Okay. Wow. Well, what did she do with that? Dropping her arms, Jasmine moved closer to him. Plopping on the edge of the armchair closest to his side of the couch.
“So, back to what I was saying. It’s not that I think what my father, or...any of them...did was okay, it’s just that...”
She didn’t know what. If they went to jail, she should, too? Or—
“I just always try to put myself in other people’s shoes,” she said now, pretty sure she was being honest. With him, yes, but with herself. Or was it that she saw herself through her perceived views others had of her? Her counselor had suggested the theory. She’d never identified with it before.
But now...
“It’s just because you’re a cop,” she blurted when things seemed to jumble up again. “You see the actions, not the people.”
“I’ve only been a cop for a couple of years.”
She stared at him. “But you’re a detective. You don’t just jump to that grade level.”

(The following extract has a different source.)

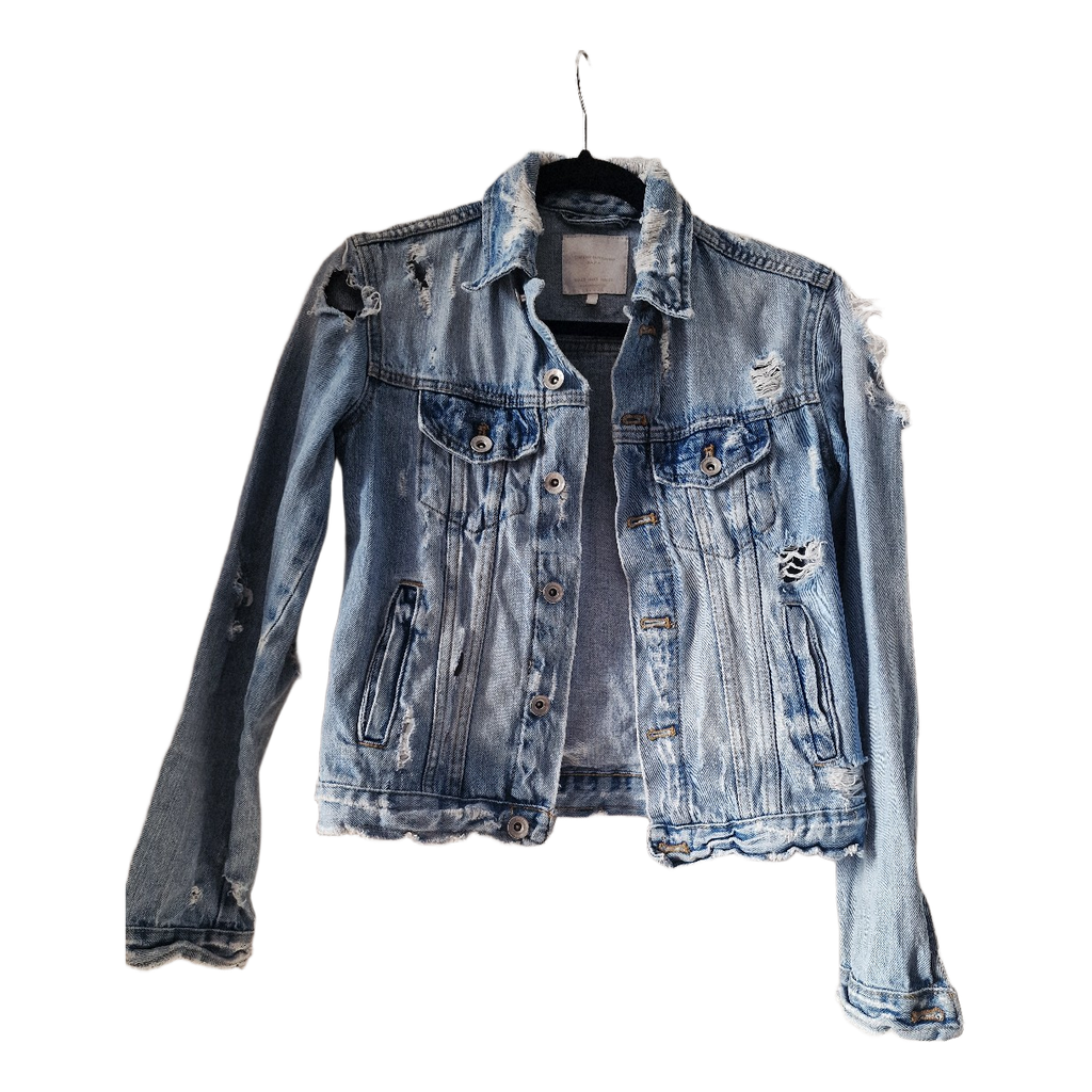 Light blue denim jacket with distressed details and frayed edges. Features button-down front, two chest pockets, and side pockets. Size XS.

So now he wasn’t whom she thought he’d been? Whom he led her to believe he was? Or had she just made the leap on her own? What the hell...
“For the first ten years after I graduated from college, I practiced law,” he told her, bowing his head and then raising it again to look her in the eye. “I went through the academy with the express purpose of working in an investigative capacity for the prosecutor’s office. You don’t always have to do time on the streets, depending on the circumstances.”
Wait. What? He was a lawyer? That made no sense to her. Who went from being a lawyer to being a cop? For one thing, the pay was less. Unless he’d been disbarred? But then he wouldn’t pass the background check to be an officer, would he?